For chronic overachievers, what is the line between "doing your best" and "doing too much"?


  • Doing your best feels focused, engaged, and sustainable. You can stop, rest, and return without guilt. Your energy replenishes and reciprocates. It's "good enough", without lowering your standards.

  • Going beyond that line feels compulsive. You’re feeding anxiety. You keep pushing even when quality drops, your body protests, and rest feels impossible.


A simple test: If continuing requires self-harm or self-betrayal — ignoring hunger, hydration, sleep, pain, or values — you’ve crossed the line.


“Perfection is the mountain that has no peak.” 

Emma Norris


Affirmations To Ground

Here are some nervous-system-friendly affirmations for perfectionism — not the toxic-positivity kind, but the kind that actually help your body soften and let go:


For releasing pressure

  • I don’t need to be perfect to be valued or worthy.

  • Progress is allowed to be messy.

  • I can stop without something bad happening.

  • Good enough is genuinely good enough.

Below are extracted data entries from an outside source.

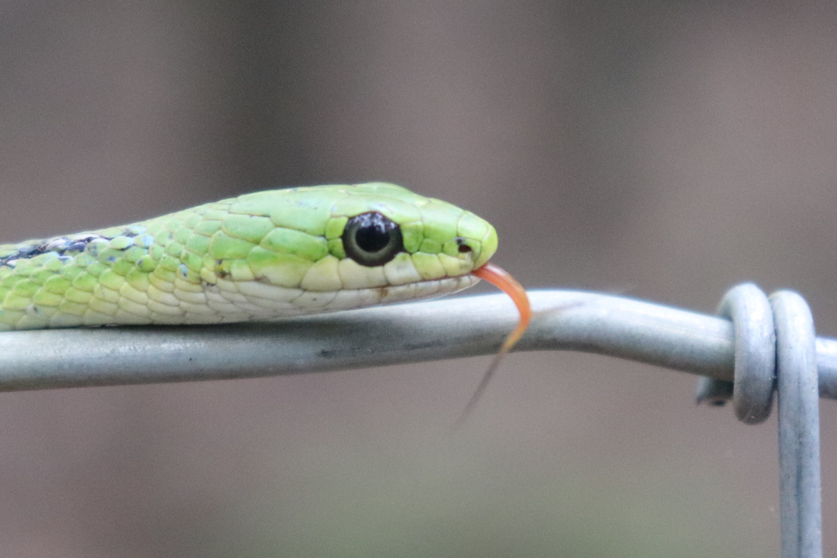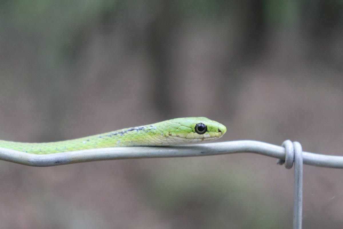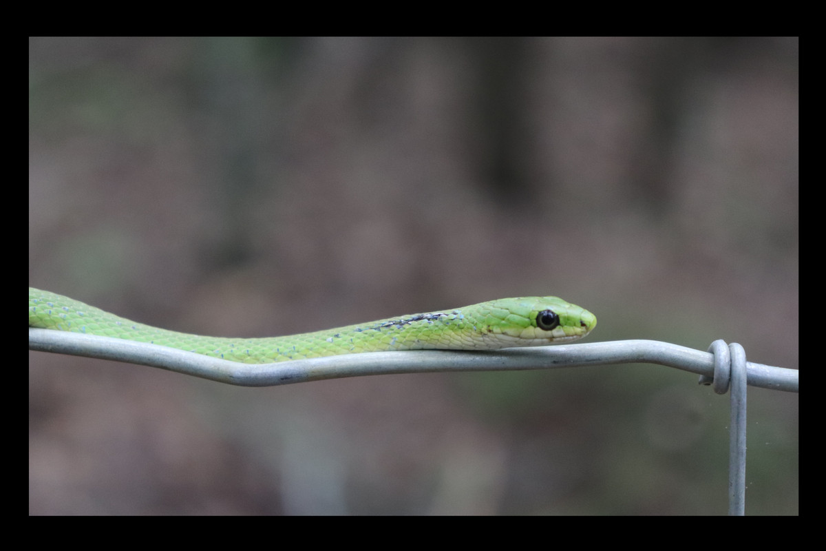 ROUGH GREEN SNAKE ON THE FENCE - PHOTOS
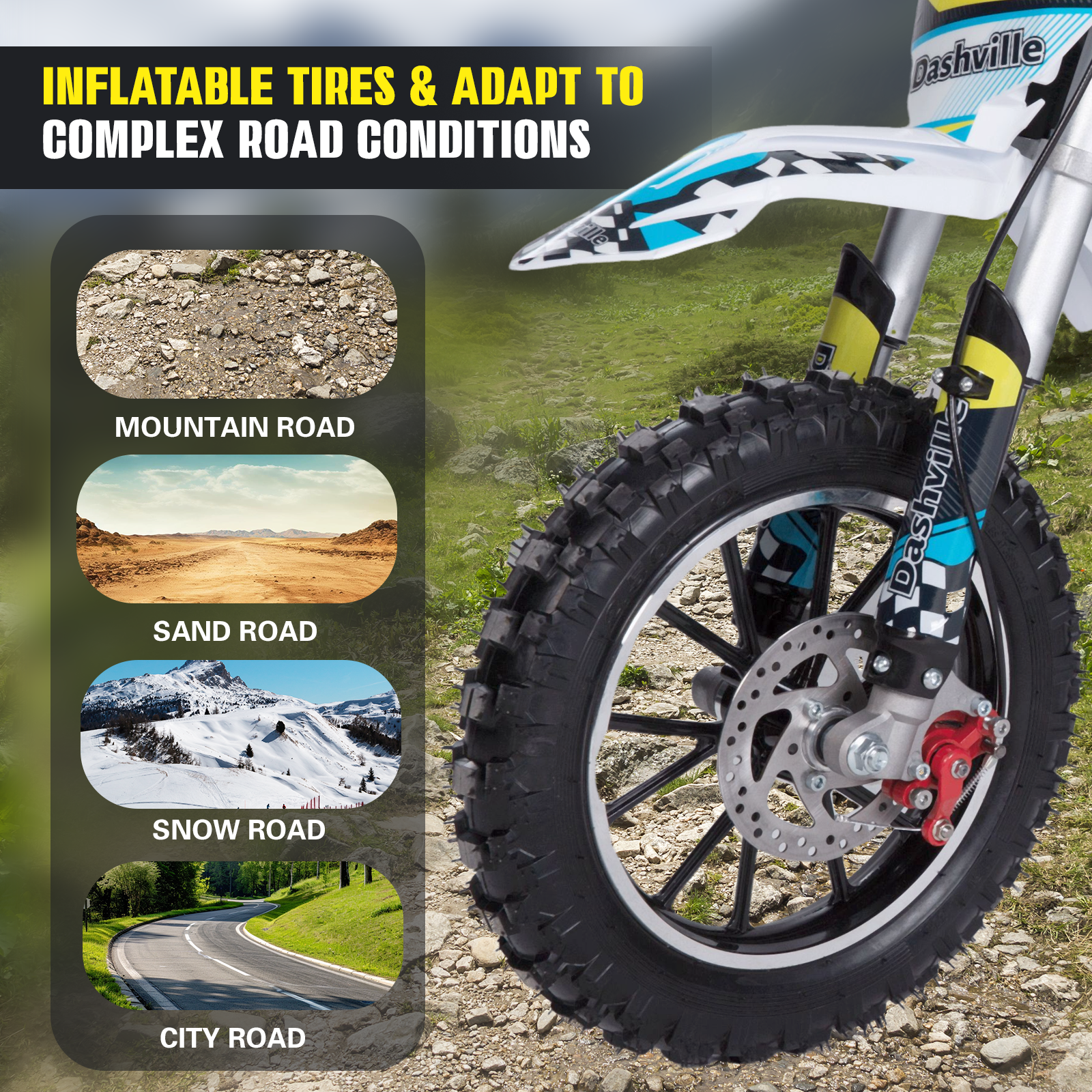 - High-Performance Dirt Bike Design: Equipped with safe anti-skid tires for adaptability to various terrains, the optimized design minimizes operational noise, improves riding comfort, and reduces environmental disturbance,The tight chain transmission structure allows adjustable chain tension, effectively preventing disengagement during acceleration or deceleration
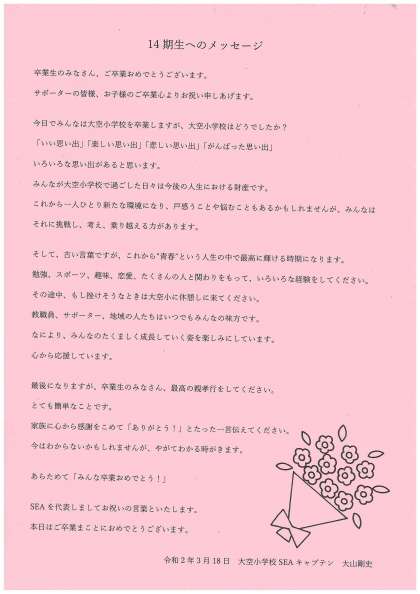 SEAキャプテンから卒業するリーダーへのメッセージです。

  • I hold myself to a standard of grace, not perfection.


For calming fear and self-criticism

  • Mistakes are not emergencies.

  • I am allowed to learn as I go.

  • If something goes wrong, I can repair it.

  • My inner critic is trying to protect me, and I can thank it without obeying it.

  • Nothing about this moment requires perfection.


For nervous system regulation

  • My body tells me when it has done enough, and I listen respectfully.

  • Rest is not a reward; it is a requirement.

  • It is safe to slow down.

  • I can choose ease without losing momentum.


For action without paralysis

  • Done moves my life forward more than perfect ever could.

  • I can take the next small step and adjust later.

  • Imperfection builds confidence.

  • I don’t have to see the whole path to take one step.


For worth beyond achievement

  • My value does not increase when I overperform.

  • I am allowed to exist without proving anything.

  • Being human is not a failure state.

  • I am worthy even when I am unfinished.


One powerful reframe is turning rigid goals into fun and flexible "quests." Think about the heroes journey: They aren't timid or controlling. They're curious and persistent. They adapt, adjust, improvise, overcome and evolve through the story. Every mistake is a plot twist, a detour inviting more excitement and adventure.


The Cure for Perfectionism

When your nervous system experiences proof — again and again — that you can mess up and still be loved, supported, paid, and connected, perfectionism finally loosens its grip.


This is true in relationships. It’s true in career. It’s true in creative work. The fix lies in learning repair.


Perfectionism says: Achieve more to be worthy. Integration says: Listen inward to feel whole.


When action comes from inner guidance instead of fear, satisfaction replaces striving. You stop chasing an impossible standard and start building something that feels true, balanced and aligned. And that’s where your best work actually comes from.



'You’re not a perfectionist. You’re scared."

Charlotte Grimm


Wrapping It Up

Let's trade perfectionism for something far more human:

  • accountability instead of blame

  • learning instead of punishment

  • experimentation instead of optimization

  • repair instead of disposability

  • humanity instead of performance.


When we loosen perfectionism’s grip, we make space for growth that’s honest, sustainable, and collective. That’s why dismantling perfectionism isn’t just personal healing—it’s cultural and political work, too.